You’re constantly nervous about leaks. In some cases, departments or secretaries of state don’t even know what they’ve been allocated until budget day. 

In other cases, departments may be briefed in advance. If it’s a particularly significant issue and you can’t just settle it between the Treasury and Number 10, you need the relevant department involved like the Department for Work and Pensions, for example. You might also have meetings with their ministers and the Prime Minister’s team beforehand.

One area that remains especially sensitive is tax. A leak or a poorly-timed briefing can influence consumer and business behavior, so the Treasury keeps that very tightly controlled.

On the day itself, in the morning, everyone is just getting ready. The Chancellor would have an audience or a call briefing the monarch on the budget. Then it’s time for the famous photoshoot with the red box, followed by heading to the House of Commons to deliver the budget. 

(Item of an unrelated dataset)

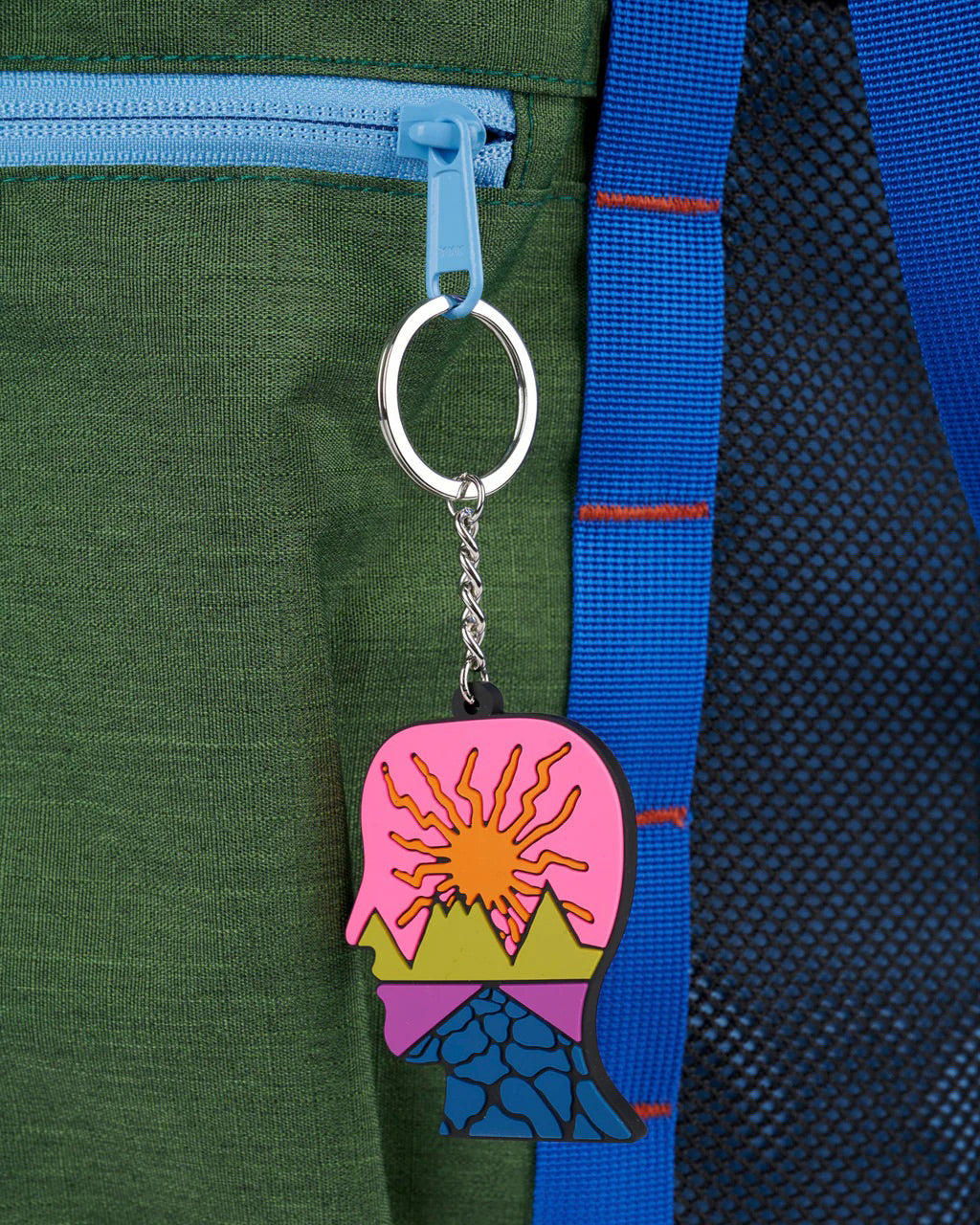 Durable nylon climbing utility bag with a drawstring closure for secure packing. Features a woven Brain Dead Equipment patch on the front, zippered pockets for organized storage, and a PVC logohead keychain zipper pull. Includes an attached carabiner for easy attachment to gear loops or backpacks.

This is a very high-pressure day. As a policy adviser, you’re watching the proceedings closely. You’re nervous because you want the day to go well overall for him, but you also care deeply about your specific announcements. 

As I was the spending special adviser, I tended to oversee budget announcements involving allocated funding for particular departments. For example, we had these special economic zones called freeports, which we had created with the department I used to work for. My job as a special adviser was to provide policy input but also to project-manage those initiatives to ensure they were ready for inclusion in the budget documents. All the associated briefings have to be ready. 

You’re nervous: is a journalist going to spot a hole? Is the Chancellor going to come under pressure? It’s not immediate, because the big tax and spending decisions dominate, but you do worry about what will happen over the next few days when a lot of the details start to get unpacked.

A good rule of thumb in the British system is to ask how a budget has fared by the Monday following the Wednesday it was delivered; has it survived contact with the weekend - both its big judgments and any gremlins that may have emerged.

That’s what makes you nervous on the day we announce the budget: are there any gremlins in my policy area, and am I ready?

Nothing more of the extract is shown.